Читаем Веселая наука полностью

Проза и поэзия. – Замечено, что великие мастера прозы почти всегда были вместе с тем и поэтами, иногда выпуская в свет свои стихи, иногда же создавая их только тайком, для себя; но хорошая проза писалась несомненно на глазах у поэзии! В самом деле, ведь проза находится в беспрерывной и искусной борьбе с поэзией: вся прелесть хорошей прозы заключается в том, что поэзия постоянно ее обходит и постоянно ей противоречит; всякое отвлеченное понятие является своего рода хитростью против нее и высказывается как бы с насмешкой; всякая суховатость и холодность приводит милую богиню в милое отчаяние; часто она начинает милостиво приближаться, но вдруг отскочит и рассмеется; часто завеса остается приподнятой и яркий свет прорывается оттуда в то самое время, когда богиня наслаждается своими сумерками и мрачными красками; часто с уст ее срывается слово и звучит такой мелодией, что она прикладывает свои тонкие ручки к своим нежным ушкам, и таким образом существуют тысячи военных уловок, которые содействуют поражению прозы и о которых люди, лишенные поэтического чутья, так называемые люди прозы, ничего не знают, – вот таковые-то, говорят, и пишут худой прозой!

Ведь все хорошее порождается борьбою: вот почему из борьбы вырастает и хорошая проза! – В нашем столетии, которое далеко не было приспособлено к хорошей прозе, ввиду недостаточного, как было указано, развития поэзии, на поприще прозаических произведений прославились четыре мужа, которые были в то же время редкими и истинными поэтами. Помимо Гете, которого наш век справедливо называет своим детищем, я считаю достойными названия мастеров прозы только Джиакомо Леопарди, Проспера Мериме, Ральфа Вальдо Емерсона и Вальтера Саваджа Лэндора, автора Jmapinary Conversations.

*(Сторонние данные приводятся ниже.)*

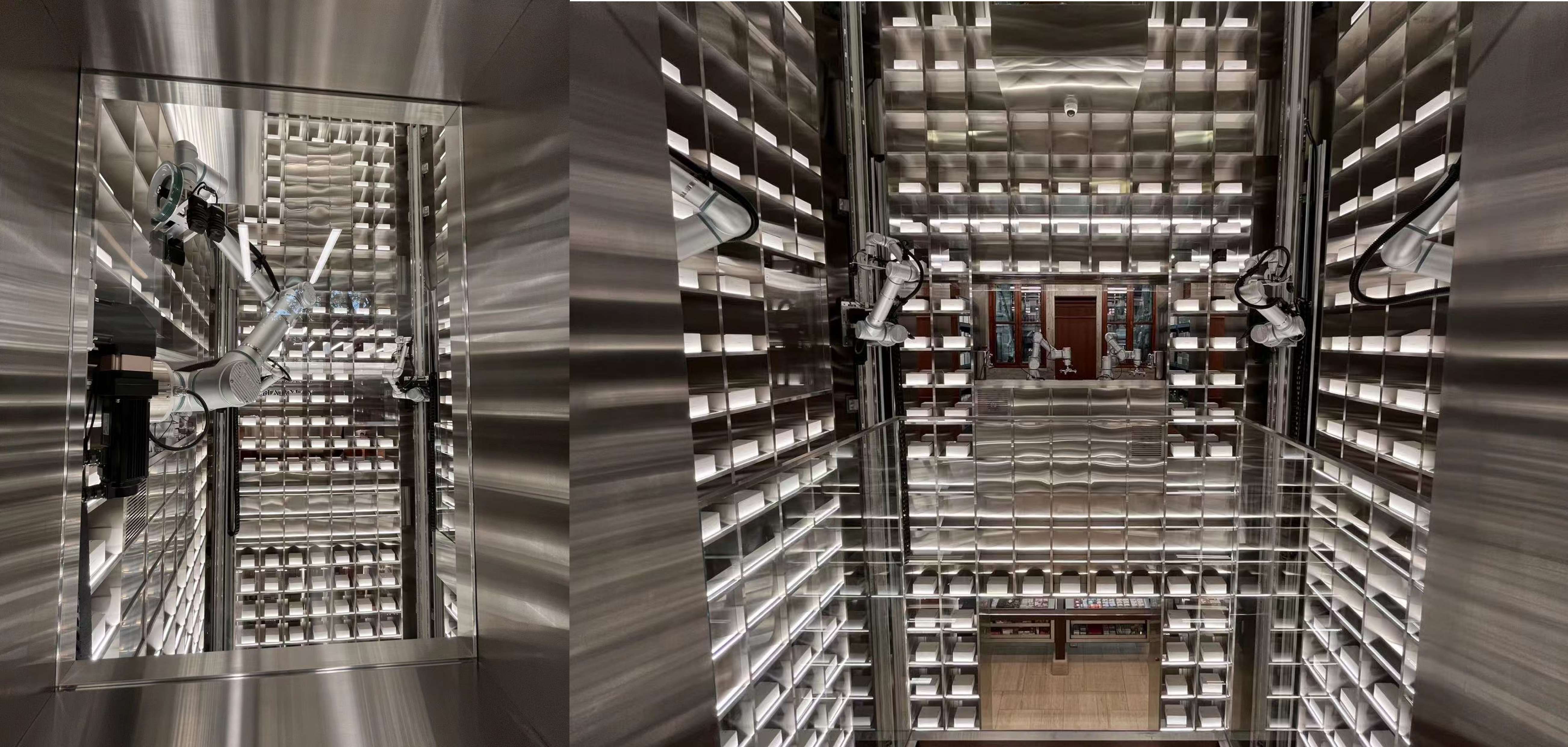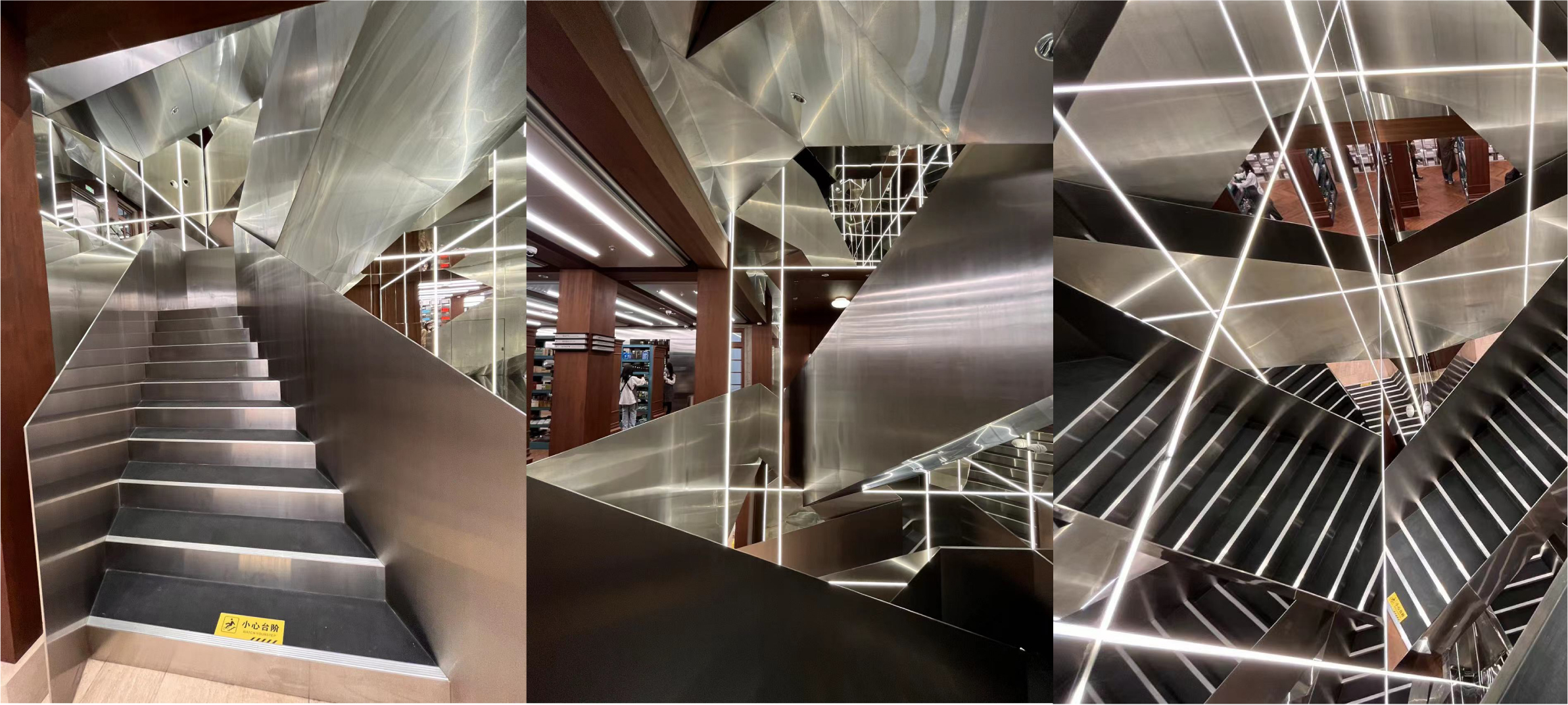 科技感满满的设计,更容易吸引新一代年轻消费者。在店内,四面的钛合金货架纵穿三层楼、四个角的机械手臂上下运作……据说这是全国唯一机械手臂盲盒仓库。前往二楼,映入眼帘的就是钛合金的金属科幻楼梯,配上大面积的镜子、激光般的白炽灯……让人恍惚穿越到了未来。

Зачем же ты пишешь? – А: Я не принадлежу к тем людям, которые думают с мокрымиерош в руке и еще менее к тем, которые предаются своим страстям над открытой чернильницей, сидя на стуле и коченея над бумагой. Я досадую и стыжусь всего написанного мною; хотя писать – для меня потребность, но потребность, сравнительно противная. Б: Но зачем же ты пишешь тогда? А: Говоря по правде, дружище, я до сих пор не нашел еще другого способа освобождаться от своих мыслей. Б: Но зачем же ты хочешь от них освободиться? А: Зачем я хочу? Я просто должен. – Б: Довольно! Довольно!

Рост после смерти. – Небольшая, но смелая речь, брошенная Фонтенелем о вопросах морали в его бессмертном разговоре о загробном мире, считалась его современниками каким-то парадоксом и игрою несомненного остроумия; даже высшие судьи вкуса и духа, а, быть может, и сам Фонтенель – глядели на нее только такими глазами. Теперь же происходит что-то невероятное: те же самые мысли становятся истиной! Наука доказывает справедливость их! Игра становится серьезным делом! И мы, читая эти диалоги, испытываем уже не те чувства, которые волновали Вольтера и Гельвеция, когда они их читали; и мы невольно причисляем их автора к другому – высшему классу людей, чем упомянутые философы. Имеем ли мы на это право, или делаем без всякого на то основания?